Coincidentally, he had attended graduate school years ago with Feldman, or “Joey,” as Pekel knew him. Pekel read his old friend’s book but wasn’t persuaded. He worried that, without any incentive from grades, many students wouldn’t complete homework.

Further, he couldn’t find any proof in Feldman’s book that equitable grading works. “People in Rochester kept describing him as a researcher and it as research,” Pekel said. “It’s really more theory than it is research.”

Ethan Hutt, a University of North Carolina professor who wrote a book on grading, agrees. There is no firm evidence that grading for equity is better than traditional methods, he said. It is likely some teachers have found success with these practices, Hutt said, but he would be wary of imposing it on everyone.

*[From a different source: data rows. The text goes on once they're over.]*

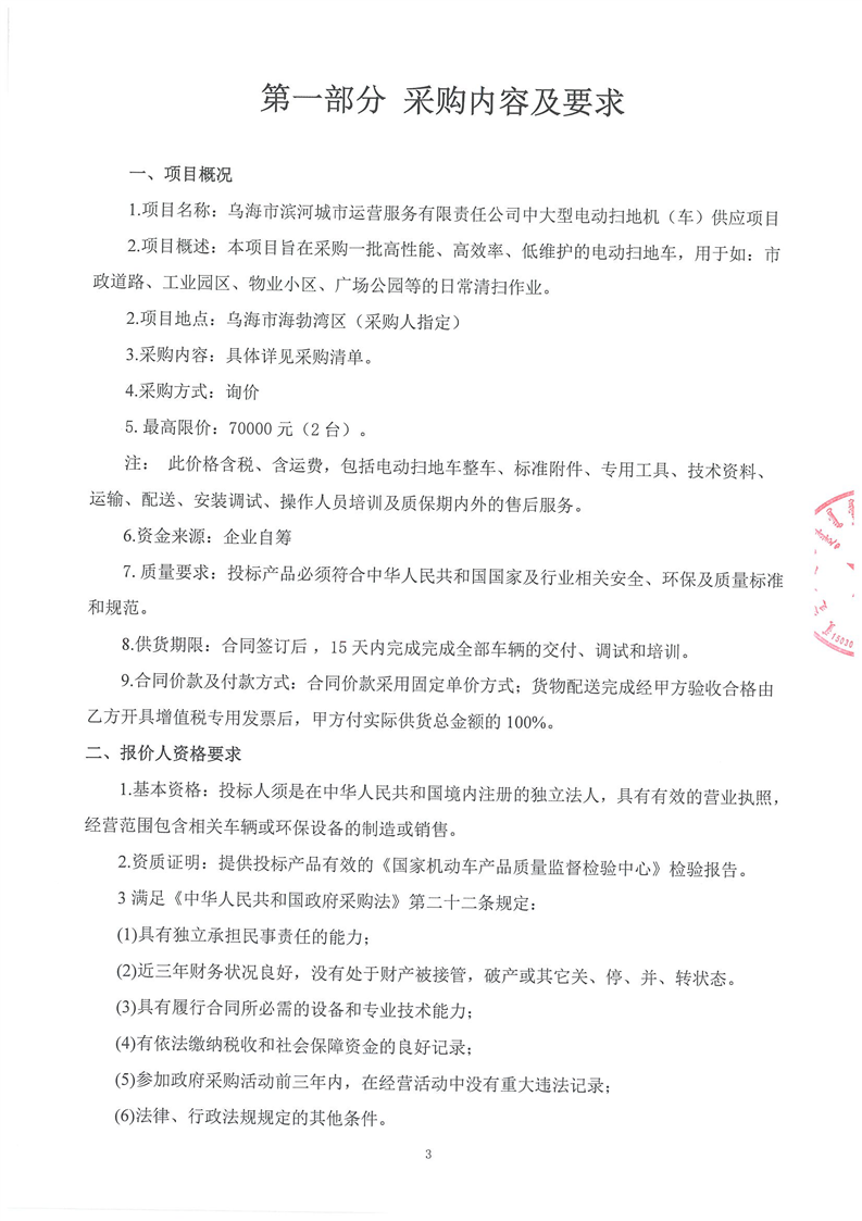 烏海市濱河城市運(yùn)營服務(wù)有限責(zé)任公司中大型電動掃地機(jī)(車)供應(yīng)項(xiàng)目詢價(jià)文件
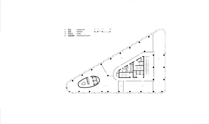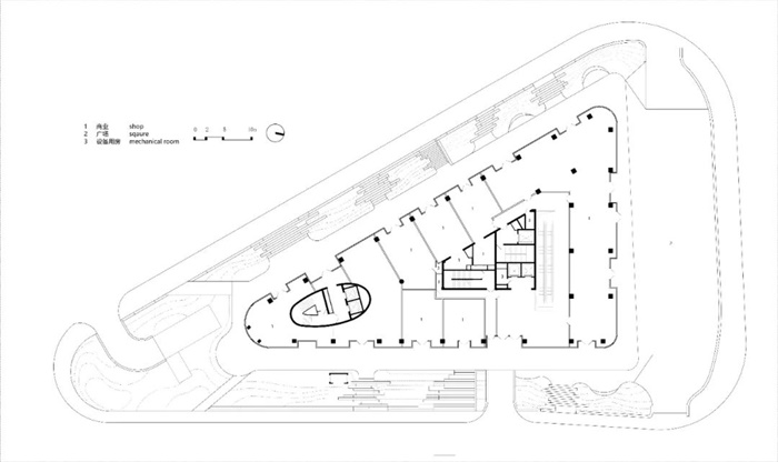 场地容积率、建筑密度指标和退线要求限制严格,建筑按照退线留出相应空间后,单层建筑面积仅不到1600平米,且呈三角形。而建筑功能复合,底层商铺,下部餐饮业,中上部为商务酒店,顶层为自持办公。多种功能的复合带来流线组织、消防疏散等问题,经反复讨论,形成双核心筒的平面布局:酒店及办公的相对私密的客流和商业的公共人流有各自独立的出入口及交通核,流线互不交叉,并很好的满足了狭长空间的安全疏散,同时结构上也形成了相对经济合理的模式。并且通过核心筒优化压缩设计,把周边的空间尽量留给商业使用功能,获得更大的使用面积。
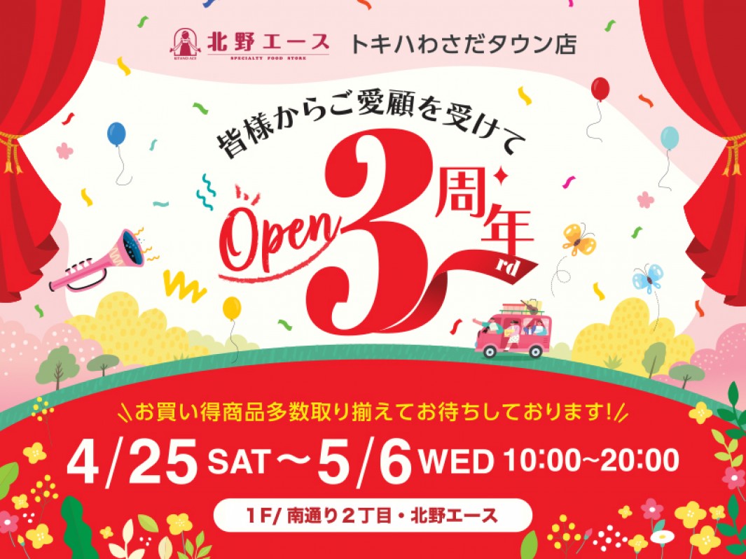 北野エースにて、オープン3周年を記念して特別セールを開催しております!

He questions Feldman’s claim that traditional grading fails to motivate students. Hutt points to studies showing that students tend to learn more with teachers who are tougher graders.

Low expectations yield lower results. Higher expectations yield higher results. 

…Christopher Ognibene, a history teacher at the same school, says equitable grading has eroded students’ motivation. He and colleagues are assigning less homework because students aren’t likely to do it, he said.

Homework is all but dead in Salem-Keizer, a district that has implemented this crap. 

Feldman says grading for equity can be, and has been, implemented poorly, especially if imposed without teacher buy-in. Many of the places where there has been substantial backlash, including Rochester, didn’t work with his consulting firm.

This is where the grift comes in. “It would have worked, but you didn’t pay me any money.”